The watch in question; a Rolex Day-Date automatic reference 1831 with Khanjar dial and housed within a solid platinum case. Interestingly the case is not the standard Day-Date Oyster, but in fact shares the same design as the automatic 1530, 1630 and Oysterquartz references. These watches are known, and indeed have appeared at auction in the past achieving fantastic results. However at this time, all known examples being individually numbered on the case back, it was suggested that these were in fact limited to only 8 pieces. The present lot however, its case number serially coinciding with its predecessors, is individually numbered No. 9 - in the same manner as the previously known examples.

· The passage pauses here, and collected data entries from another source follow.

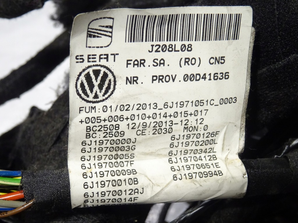 | Número de pieza | INSTALACIÓN DEL ARNÉS SEAT IBIZA IV 4 6J0 LIFT 1.6 TDI CAYB 6J1971051C |
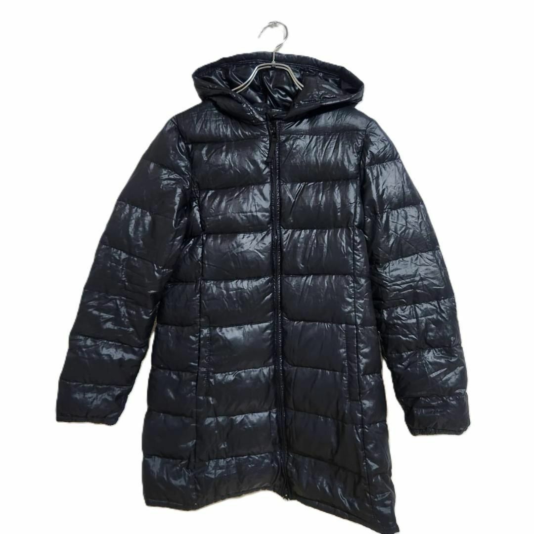 - 美品 ダウンジャケット M 黒 フード付き ロング丈 軽量 防寒 おでかけ 秋冬
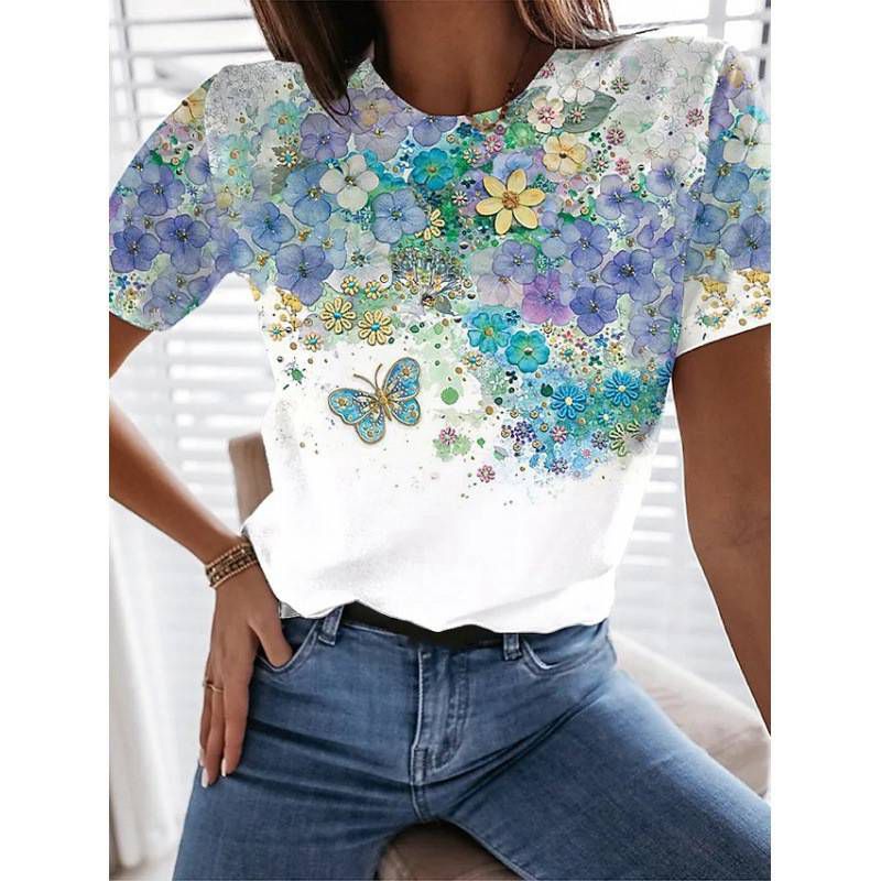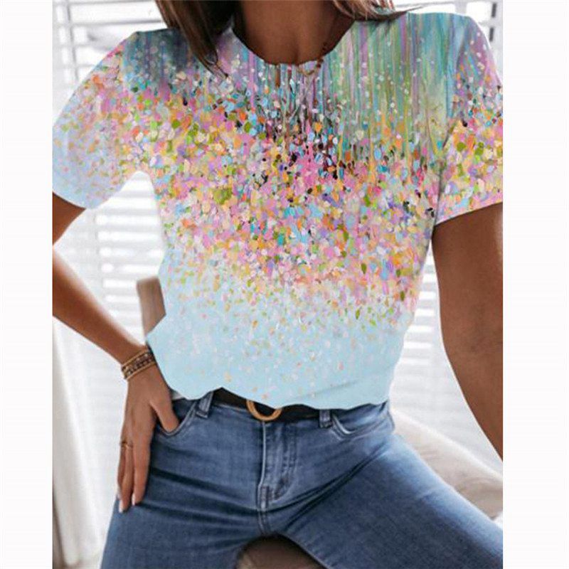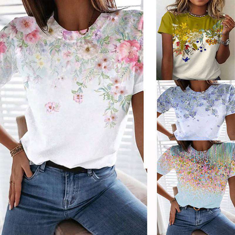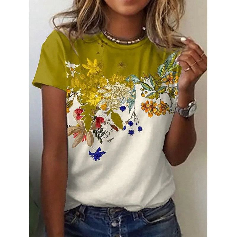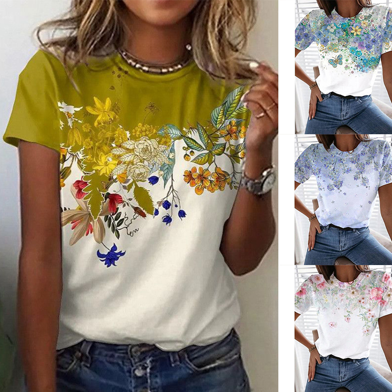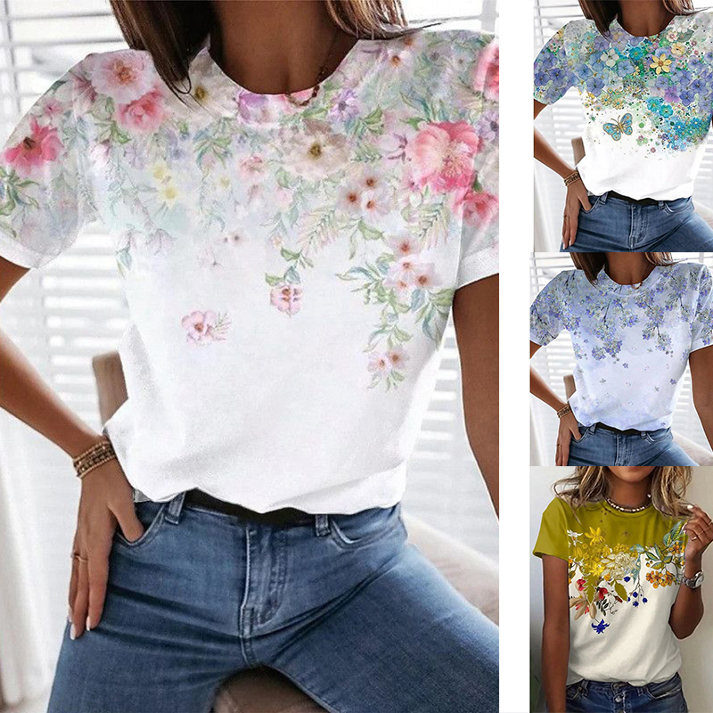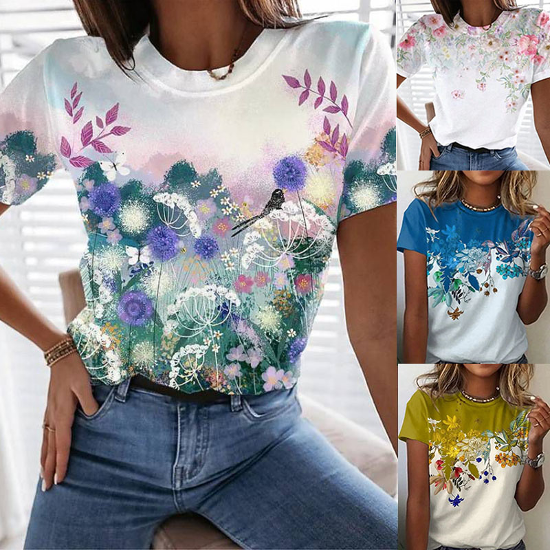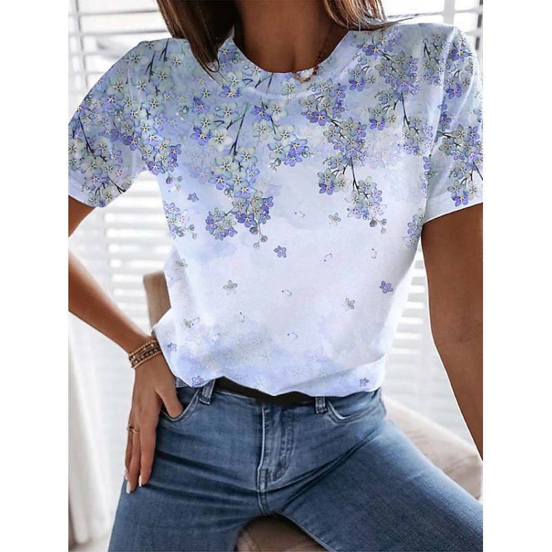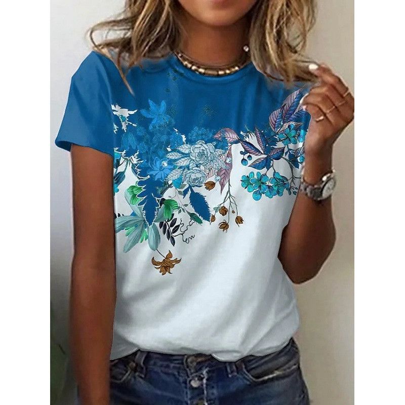 Womens Printing Casual Basic T-shirt Tops Ladies Summer Short Sleeve Tee Blouse
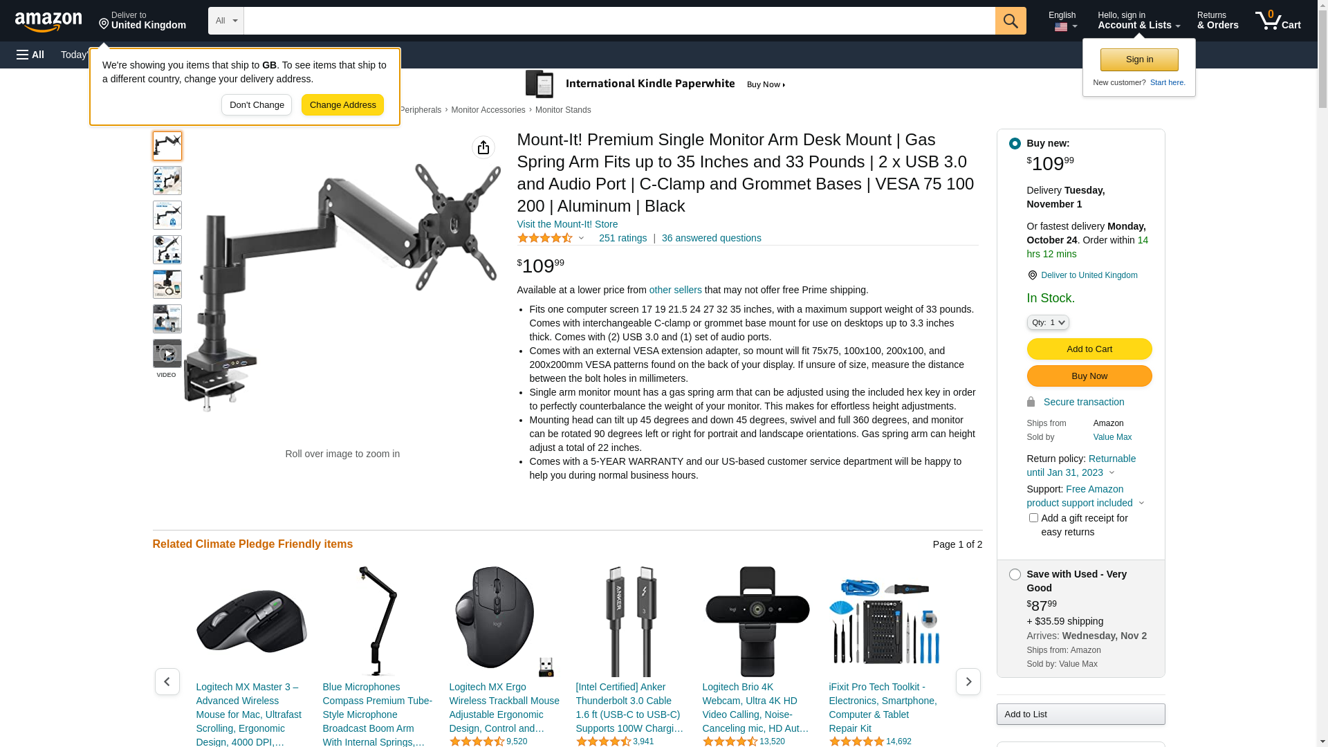 - Single arm monitor mount has a gas spring arm that can be adjusted using the included hex key in order to perfectly counterbalance the weight of your monitor. This makes for effortless height adjustments.

This example may also represent a departure from current understanding that the series was produced by Rolex at the request of the Shah of Iran. These watches, one through eight, feature stellar dials; so how, then, does the watch above come to bear the emblem of the Sultanate of Oman? This is a question particularly difficult to answer and perhaps may remain a mystery. However through the current owner Sotheby’s has learnt that the watch may have been gifted in the late 70s by Sultan Qaboos bin Saïd of Oman to the first Premier of Djibouti upon gaining its independence from France. The watch was then gifted by Premier Assan Gouled to the family of the present owner.
It has become clear also that the Platinum bracelet was unfortunately sold at some point in the watch’s history. However for the new owner of this exceptional timepiece Sotheby’s has especially commissioned the production of stainless steel end links, now fitted, allowing the watch to be worn on a leather strap.